Between the next inhale and the exhale, the marks appear, sharp-edged, dark against her little sister’s temples. Nigh smiles softly, shows her teeth, cheeks flushed.
Skinpainter lets their hands fall. ‘That’s plenty for a little one, even for a little monster.’ They pat her cheek. ‘There we go, small fangs.’
Nigh holds a hand out towards their face. For a second, they lean in to the touch. Then from behind them, screams.
A soldier has fallen somehow, stumbled and missed a footing. The side of his face met by the sharp edge of a shield, leaving skin hanging loose, blood flowing. Not deep, but messy, his teeth surprisingly white amid it all.
The tattoos on the left side of his face sheared clean through.
A scratch is all that’s needed.
A cold flood of fear runs through Icecaller’s gut. ‘Run home, Nigh,’ she says, ‘quick as you can.’
Her fingers tighten on the spear, as her sister disappears like a whisper, helpful hands opening paths away from the hall, deeper into the mountain. As Nigh is ushered to safety, Skinpainter moves faster than Icecaller thought possible, each step propelling them across the hall.
The screaming, bloody-faced soldier turns to meet them and is met by an open-handed slap that cracks bone.
For a second, a mist of blood hangs in the air.
For a second longer in that mist, a face, spectral, twisted, inhuman.
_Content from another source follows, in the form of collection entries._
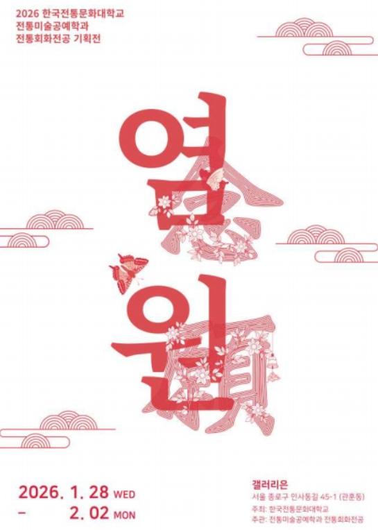 [중앙뉴스라인, 우제헌기자] 국가유산청 한국전통문화대학교는 1월 28일부터 2월 2일까지 갤러리 은(서울 종로구)에서 전통미술공예학과 전통회화전공 재학생 42명과 교수진이 전통기법과 재료를 바탕으로 제작한 전통회화 작품들을 선보이는 기획전시 '염원(念願)'을 개최한다.
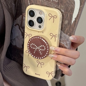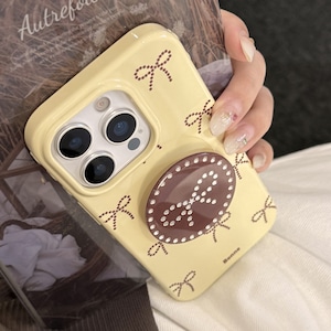 クリームイエロー×ブラウンの上品カラー。韓国っぽデザインで、シンプルだけどとびきり可愛いリボン柄のiPhoneケースです。
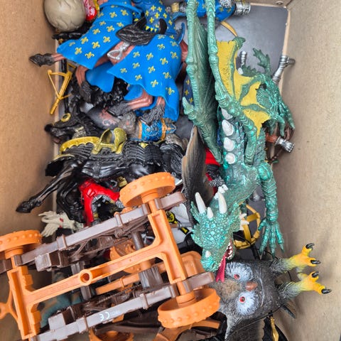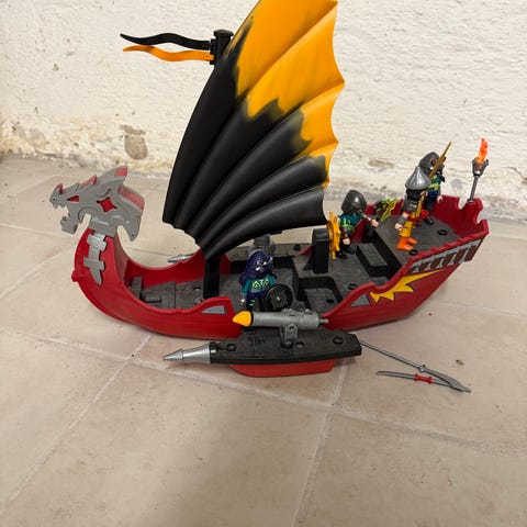En drage og et skib med kanoner der kan skyde. Og nogle riddere med vogn en skat med guld.

Blossoming in the blood.
Skinpainter’s palm is spread wide, red and slick. The ink on their hands stretches out in thin tendrils through the drifting haze, brushing the soldier’s ragged skin, holding back something that struggles to flower on the tattered edges of the wound. They step closer to the injured man, pressing ink to blood. And the people of Thell form a ring around them, shields tight, spears out.
The screaming has stopped. The wounded man is forced to his knees, face lit with horror. Spear-points rest at his back, his neck, his shoulders. And Icecaller begins to move before she can control her stupid fucking feet.
Because a scratch is all it takes, one single slip from a sweaty fucking spear.
And she’s never really bought the stories until now.
As she runs, Painter’s bloody fist becomes a claw lined in black ink. Their fingers hook into a mouth strung wide with terror, driving themselves down a throat that gags and struggles as Skinpainter steadies themselves astride the soldier’s body. One wide hand on his windpipe, their feet planted either side of his heaving lungs.
Maybe they chant, maybe they sing. The noise that leaves their lips vibrates the air, a mess of harmonies and tones that drives the ink down off their arms and into the body below.
And underneath that buzzing song, she hears her father’s voice berating her, over and over.
Don’t disturb the cairns. Don’t break the skin.
In her ears, something hums. In her veins, something thrums, even as her momentum carries her to the circle’s edge. Inside, beyond the backs of the soldiers, the injured man is hooked to Skinpainter’s hand like a fish on a bone line. He flops wildly. His eyes white and white again.
She has no time to go through the circle of shields, so she goes up and over. A hand either side of the shoulders nearest her, a strong push and she’s over their heads.
The space between the spears is small. For a second, her brain screams curses as she curls into a roll that misses the spear-points by a shaved hair, and drops her next to Skinpainter’s straining form.
When she lands, her breath runs ragged, her tattoos scorching a thin line of fire against her skin. She’s shitting herself at how terrible an idea this is. A hairsbreadth from her widening eyes, the soldier’s blood dances in the air. It shifts as Icecaller approaches and she glimpses eyes, lips, teeth; a face lined in crimson wetness.
The cold possibility that all her dad’s bluster and bullshit might have been true hits her at the same time as the coppery stink of meat. Raw meat.
Underneath it, distantly, she smells cookfires. Against the odds her stomach rumbles fiercely.
Great.
Skinpainter glances at her. They are still chanting. As they chant the swirling blood is drawn to them in red drops, dragged wriggling into inky shapes, writhing across skin. Soon they are penned in, lined in solid black.
She turns slowly to look at the circle of nervous men and women, and chokes down the tremor in her voice, focuses on getting those spear-points the fuck away.
‘What are you waiting for? Stitch him.’
A pair of young soldiers run off to fetch medical supplies. Another pair drag the injured man to one side. He leaves a memorybehind on the stone, wet and red. Icecaller studies it as he lies curled in on himself, shivering. Blankets are brought, warm water. Herbs. And all she can think is that the myths are real. She can’t deny what she’s seen, as much as she wants to.